D3.232 - The AhR agonist tapinarof suppresses human skin inflammation by inducing metabolic reprogramming and reducing production of mitochondrial pro-inflammatory DAMPs

The topical aryl hydrocarbon receptor (AhR) agonist tapinarof effectively treats psoriasis and atopic dermatitis, but its mechanism of action in human skin remains poorly defined.

Inflamed human skin xenografts were generated by grafting healthy skin onto NOD scid gamma (NSG) mice followed by allogeneic peripheral blood mononuclear cell (PBMC) transfer. Grafts were treated topically for 3 weeks with tapinarof or vehicle and analyzed by histology, immunostaining and bulk RNA sequencing. Mechanistic assays were performed in activated human T cells and 3D psoriatic skin constructs.

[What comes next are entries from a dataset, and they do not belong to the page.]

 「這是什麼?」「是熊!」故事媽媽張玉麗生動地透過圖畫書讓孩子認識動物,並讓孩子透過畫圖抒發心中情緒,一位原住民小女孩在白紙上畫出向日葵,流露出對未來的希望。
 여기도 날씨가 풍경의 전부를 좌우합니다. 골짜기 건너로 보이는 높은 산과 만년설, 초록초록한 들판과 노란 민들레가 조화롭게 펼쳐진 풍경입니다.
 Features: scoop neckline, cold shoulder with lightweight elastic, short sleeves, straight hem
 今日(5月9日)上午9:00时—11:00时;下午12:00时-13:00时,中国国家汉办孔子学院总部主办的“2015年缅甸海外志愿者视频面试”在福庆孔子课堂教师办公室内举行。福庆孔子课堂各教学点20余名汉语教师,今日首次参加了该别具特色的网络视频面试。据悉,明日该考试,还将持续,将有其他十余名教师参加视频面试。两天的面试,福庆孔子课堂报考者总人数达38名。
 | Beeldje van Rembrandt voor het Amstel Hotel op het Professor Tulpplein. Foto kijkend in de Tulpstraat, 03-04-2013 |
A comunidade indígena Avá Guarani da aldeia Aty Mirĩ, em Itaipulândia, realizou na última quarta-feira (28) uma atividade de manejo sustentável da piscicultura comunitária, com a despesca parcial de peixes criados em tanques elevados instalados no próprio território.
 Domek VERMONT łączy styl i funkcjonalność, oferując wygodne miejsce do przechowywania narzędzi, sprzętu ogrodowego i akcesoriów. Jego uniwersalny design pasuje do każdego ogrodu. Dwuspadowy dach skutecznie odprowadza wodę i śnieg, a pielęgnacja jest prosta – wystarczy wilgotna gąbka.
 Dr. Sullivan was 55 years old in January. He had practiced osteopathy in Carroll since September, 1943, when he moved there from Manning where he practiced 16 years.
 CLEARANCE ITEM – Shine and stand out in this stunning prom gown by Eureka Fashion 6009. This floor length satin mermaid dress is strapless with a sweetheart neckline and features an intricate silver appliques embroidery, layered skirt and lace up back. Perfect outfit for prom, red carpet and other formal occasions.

Tapinarof treatment significantly reduced epidermal thickness and skin immune cell infiltration. It suppressed activation of T cells, macrophages, dendritic cells and natural killer (NK) cells. Cytosolic nucleic acid sensing and damage-associated molecular pattern (DAMP) pathways were downregulated, with reduced cGAS/STING signaling and inflammasome activation, and decreased interferon (IFN) responses and type 1, type 2 and type 17 cytokine production. In vitro, in activated human T cells, tapinarof reduced mitochondrial reactive oxygen species (ROS) production and mitochondrial DNA (mtDNA) release into the cytoplasm, thereby impairing type I IFN signaling and reducing T cell activation and proliferation. Treatment of psoriatic skin constructs led to metabolic reprogramming, including inhibition of hypoxia sensing, glycolysis, fatty-acid (FA) β-oxidation, and glutamate influx. Tapinarof-induced AhR signaling reduced HIF1α and mTOR expression in T cells, limiting glucose uptake, glycolytic capacity, and FA metabolism, while also impairing mitochondrial respiration and ATP production, inducing marked metabolic dysfunction. 

In summary, tapinarof acts at the level of the mitochondria to reduce DAMP sensing via reduced ROS production and mtDNA release, thus markedly reducing inflammatory tone, and by blocking multiple metabolic pathways, thus blocking the cells' ability to use and generate energy in the hypoxic skin microenvironment.